_Exercise_
Could you write out the listing below exactly as it stands, leaving out the pictures?

_Given material_
=== Section Start ===
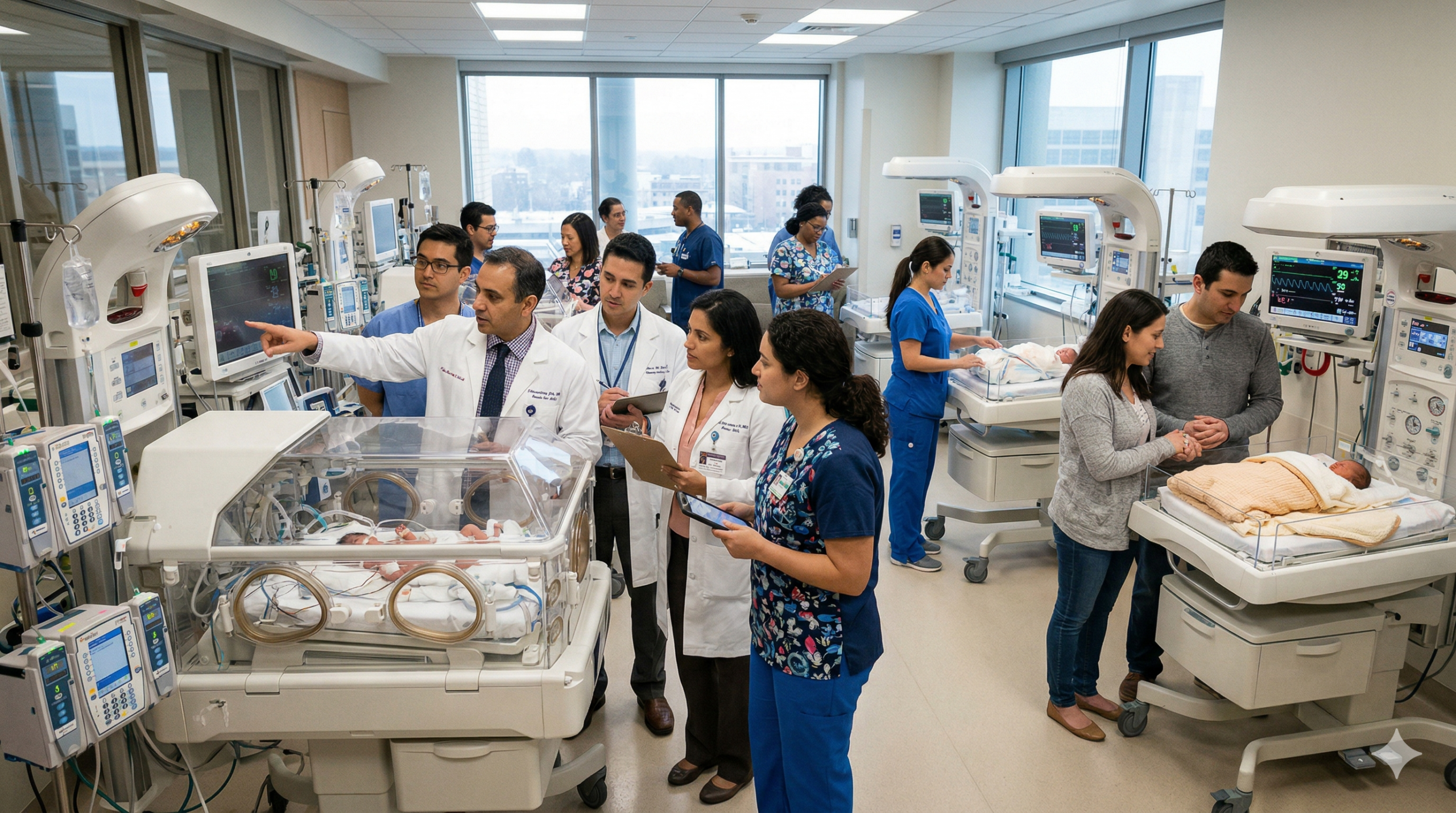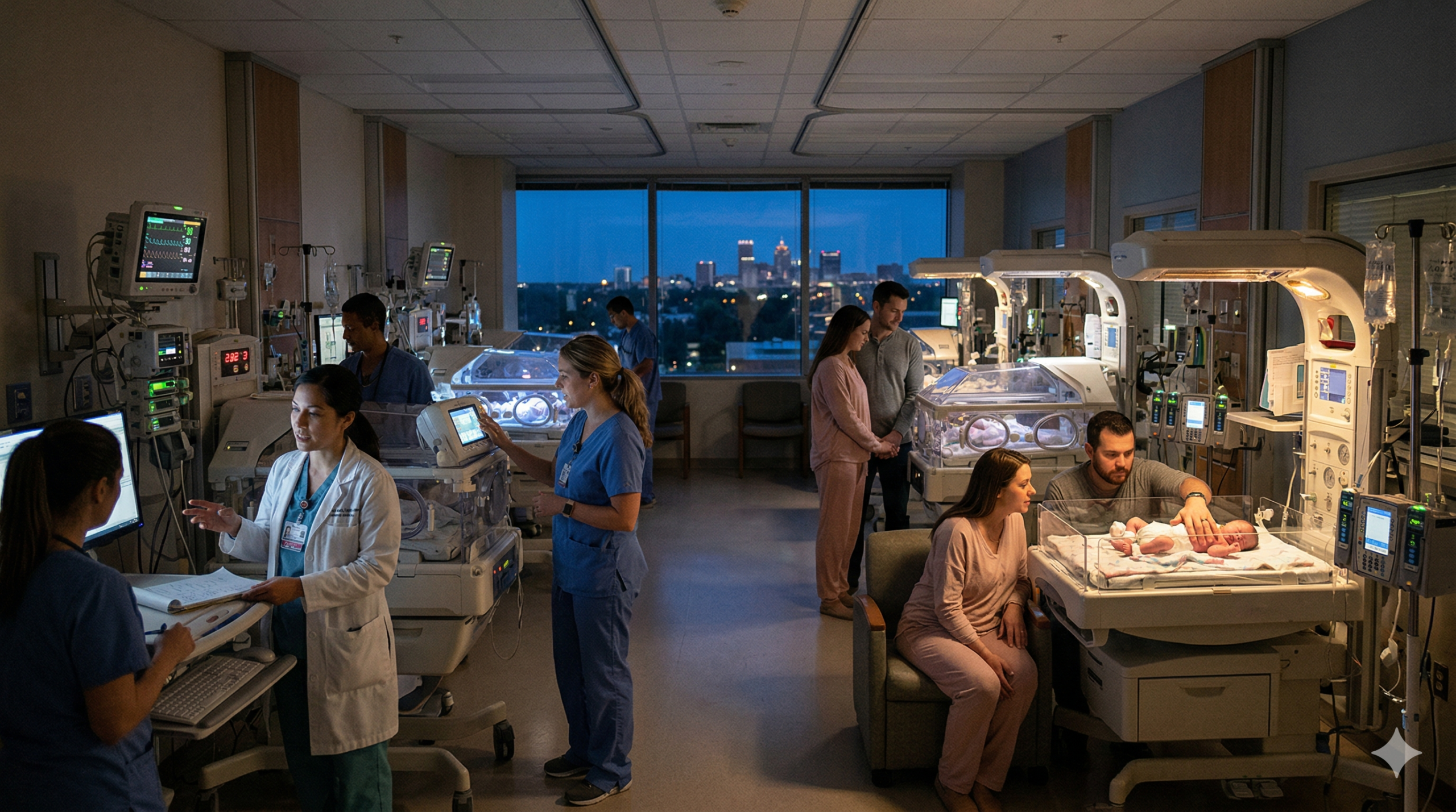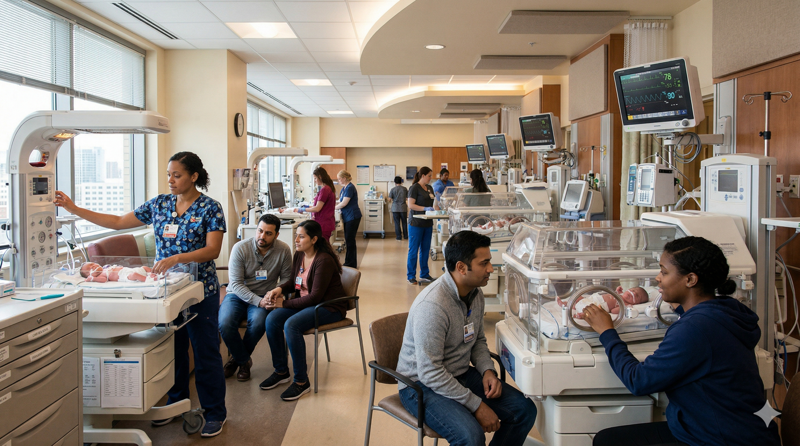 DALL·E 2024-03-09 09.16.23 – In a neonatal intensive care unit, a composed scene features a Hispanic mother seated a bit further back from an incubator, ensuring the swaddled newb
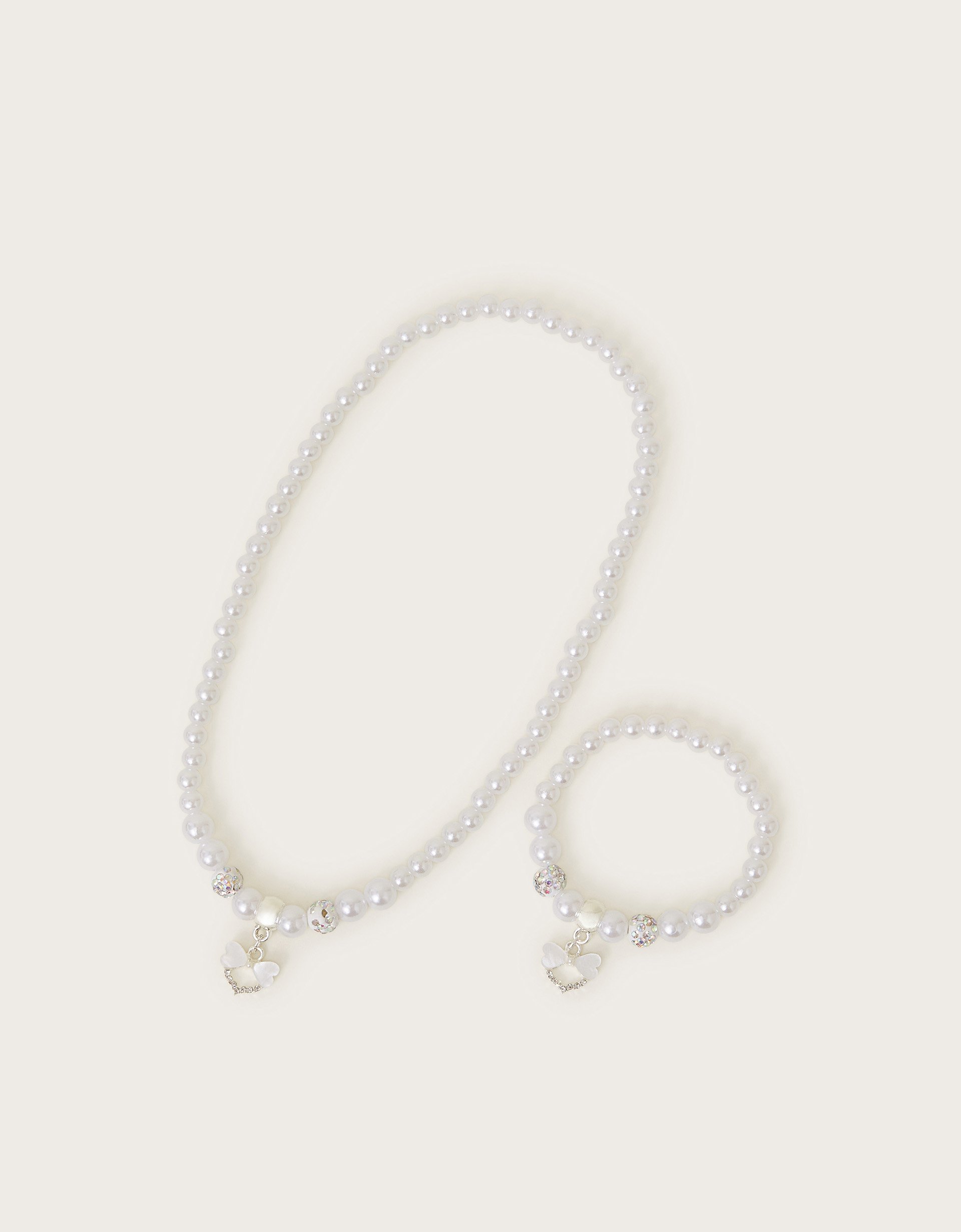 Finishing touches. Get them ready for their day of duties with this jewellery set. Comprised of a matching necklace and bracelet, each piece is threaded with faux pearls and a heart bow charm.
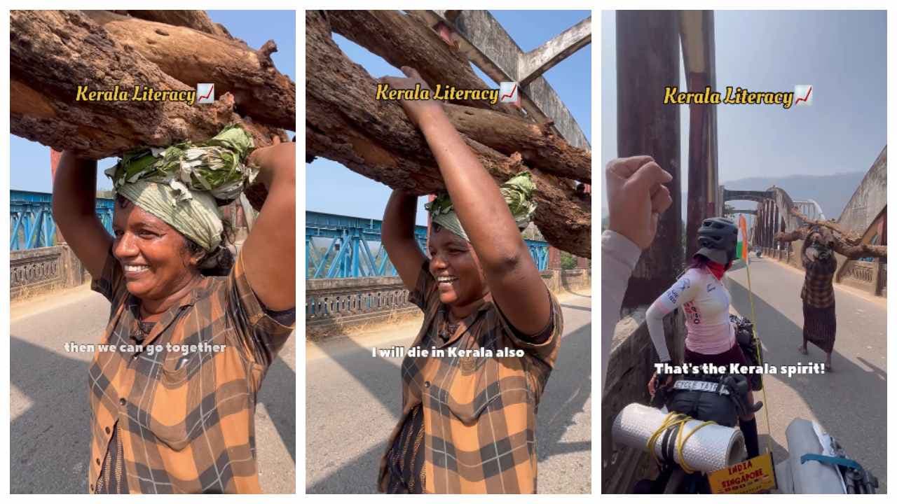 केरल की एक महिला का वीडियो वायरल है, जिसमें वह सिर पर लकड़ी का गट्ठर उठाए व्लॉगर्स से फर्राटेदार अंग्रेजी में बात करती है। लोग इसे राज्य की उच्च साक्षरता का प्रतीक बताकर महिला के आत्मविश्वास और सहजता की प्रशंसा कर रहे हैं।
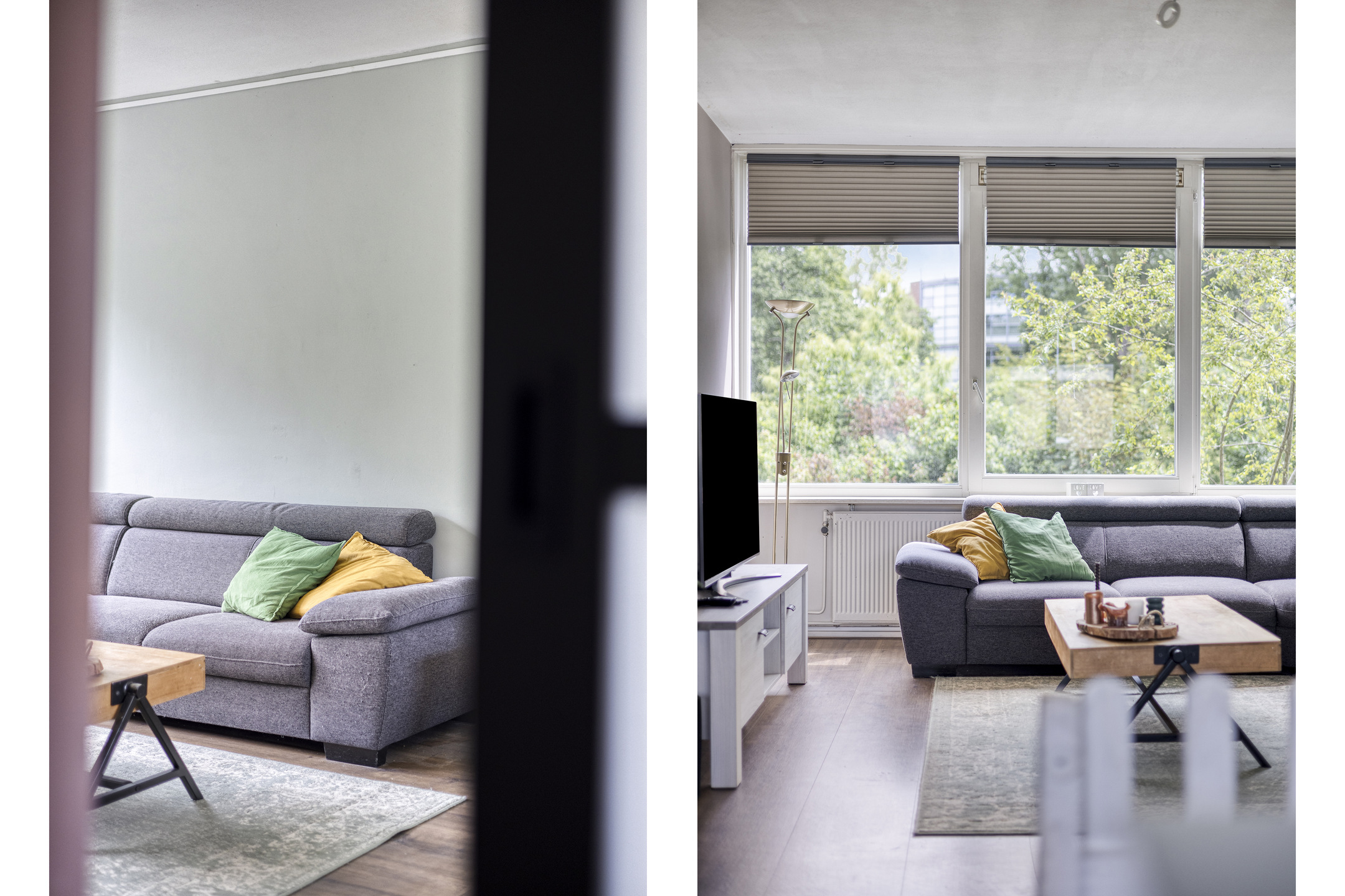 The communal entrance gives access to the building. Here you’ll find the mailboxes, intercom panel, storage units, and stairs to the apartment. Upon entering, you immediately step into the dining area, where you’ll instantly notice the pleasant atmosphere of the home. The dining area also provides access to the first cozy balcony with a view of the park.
=== Section End ===
_Written solution_
 DALL·E 2024-03-09 09.16.23 – In a neonatal intensive care unit, a composed scene features a Hispanic mother seated a bit further back from an incubator, ensuring the swaddled newb
 Finishing touches. Get them ready for their day of duties with this jewellery set. Comprised of a matching necklace and bracelet, each piece is threaded with faux pearls and a heart bow charm.
 केरल की एक महिला का वीडियो वायरल है, जिसमें वह सिर पर लकड़ी का गट्ठर उठाए व्लॉगर्स से फर्राटेदार अंग्रेजी में बात करती है। लोग इसे राज्य की उच्च साक्षरता का प्रतीक बताकर महिला के आत्मविश्वास और सहजता की प्रशंसा कर रहे हैं।
 The communal entrance gives access to the building. Here you’ll find the mailboxes, intercom panel, storage units, and stairs to the apartment. Upon entering, you immediately step into the dining area, where you’ll instantly notice the pleasant atmosphere of the home. The dining area also provides access to the first cozy balcony with a view of the park.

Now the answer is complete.